*ACTIVITY*.
Taking the line with "Accommodation: The JW" as the first and the line with "The One-time gift" as the last, set down the lines below exactly, pictures excluded.
● ● ● ● ●
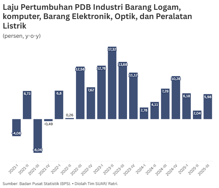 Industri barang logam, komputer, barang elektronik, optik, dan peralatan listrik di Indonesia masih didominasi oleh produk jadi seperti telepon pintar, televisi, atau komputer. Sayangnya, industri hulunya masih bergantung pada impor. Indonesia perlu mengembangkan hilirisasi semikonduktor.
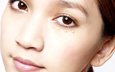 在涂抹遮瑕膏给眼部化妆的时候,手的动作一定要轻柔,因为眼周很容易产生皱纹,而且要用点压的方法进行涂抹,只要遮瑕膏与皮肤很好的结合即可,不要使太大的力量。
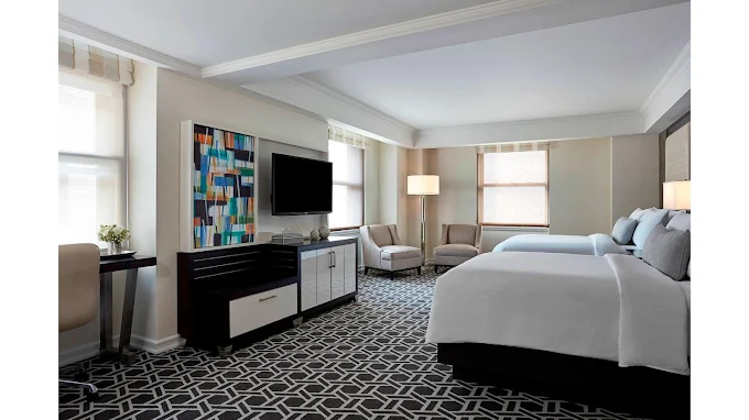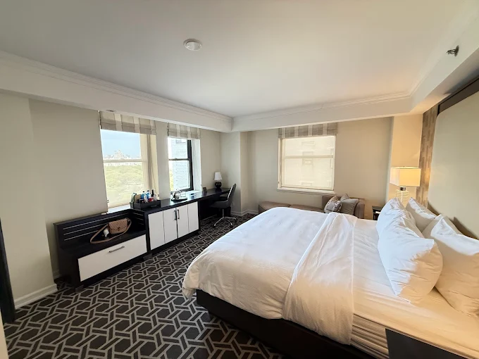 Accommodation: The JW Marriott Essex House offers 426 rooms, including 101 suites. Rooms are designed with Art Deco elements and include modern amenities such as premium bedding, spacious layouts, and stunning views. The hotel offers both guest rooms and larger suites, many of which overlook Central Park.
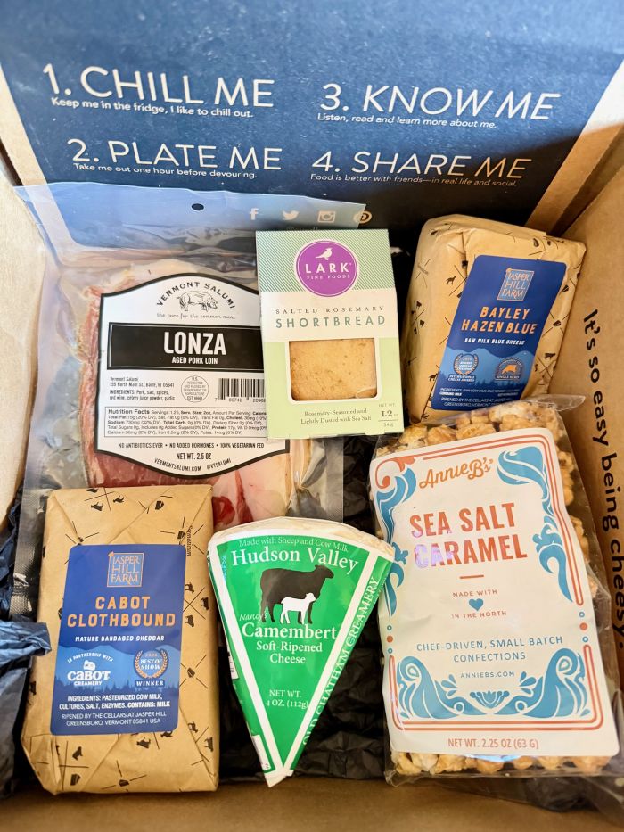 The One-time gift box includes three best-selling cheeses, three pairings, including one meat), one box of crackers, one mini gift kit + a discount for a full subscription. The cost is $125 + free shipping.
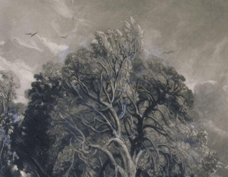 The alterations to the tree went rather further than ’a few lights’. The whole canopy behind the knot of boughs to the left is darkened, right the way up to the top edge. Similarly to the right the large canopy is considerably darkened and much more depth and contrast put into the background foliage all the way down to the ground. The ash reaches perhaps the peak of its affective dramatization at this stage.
● ● ● ● ●
*SOLUTION*.
 Accommodation: The JW Marriott Essex House offers 426 rooms, including 101 suites. Rooms are designed with Art Deco elements and include modern amenities such as premium bedding, spacious layouts, and stunning views. The hotel offers both guest rooms and larger suites, many of which overlook Central Park.
 The One-time gift box includes three best-selling cheeses, three pairings, including one meat), one box of crackers, one mini gift kit + a discount for a full subscription. The cost is $125 + free shipping.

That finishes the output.